Jest to książka gotowana z miłością, pełna sensu, uczuć i wielu z tego, co zostało tu powiedziane w Babies i nie tylko. Ale jest to także książka ze zdziwieniem, ponieważ jako jedna nie wystarczyła na wszystko, co zostało zapisane, Wkrótce pojawią się jeszcze dwie książki.

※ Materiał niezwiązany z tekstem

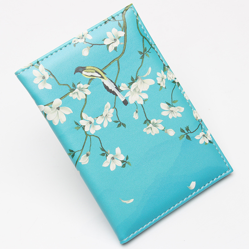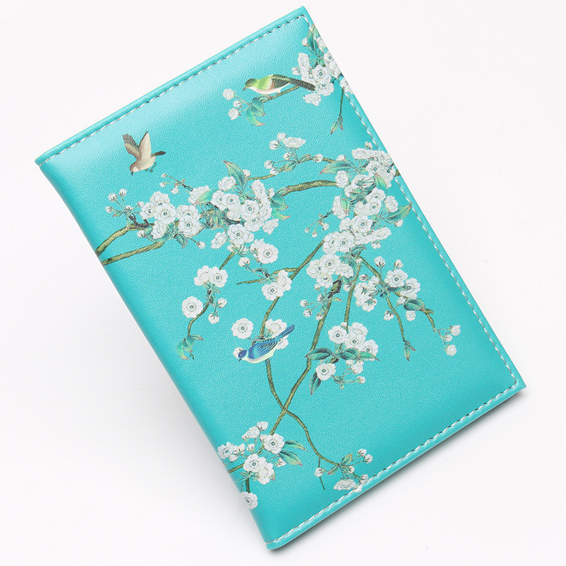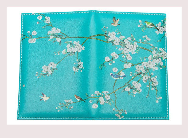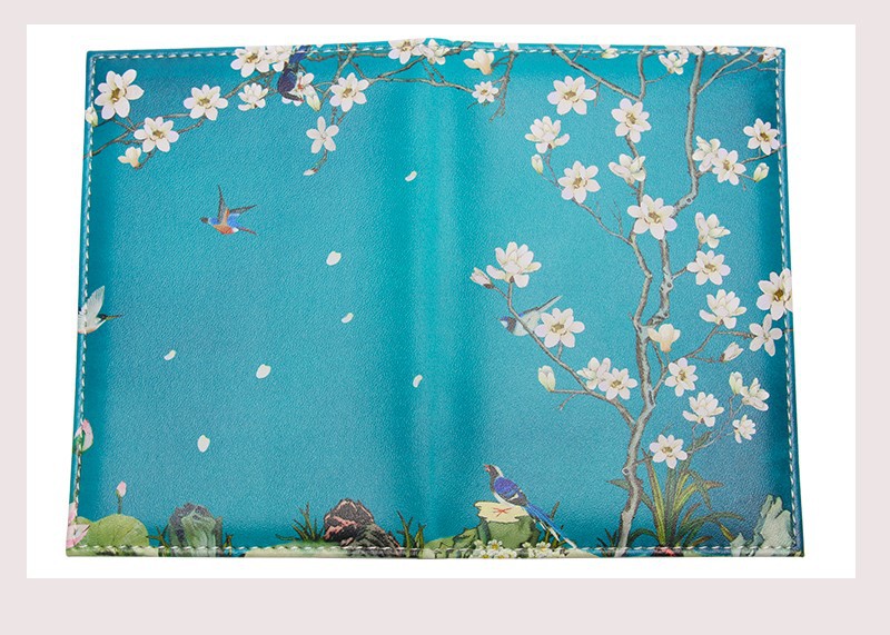 Garden Birds Cherry Blossom Flowers Cute Floral Passport Cover Card Ticket Pouch

Dla tych, którzy go nie znają, Armando Bastida jest redaktorem „Niemowląt” i nie tylko przez prawie dziesięć lat, ale jest także pielęgniarką pediatryczną, a przede wszystkim ojcem trojga dzieci (11, 8 i 4 lat), które zmieniły jego życie i jego koncepcja rodzicielstwa.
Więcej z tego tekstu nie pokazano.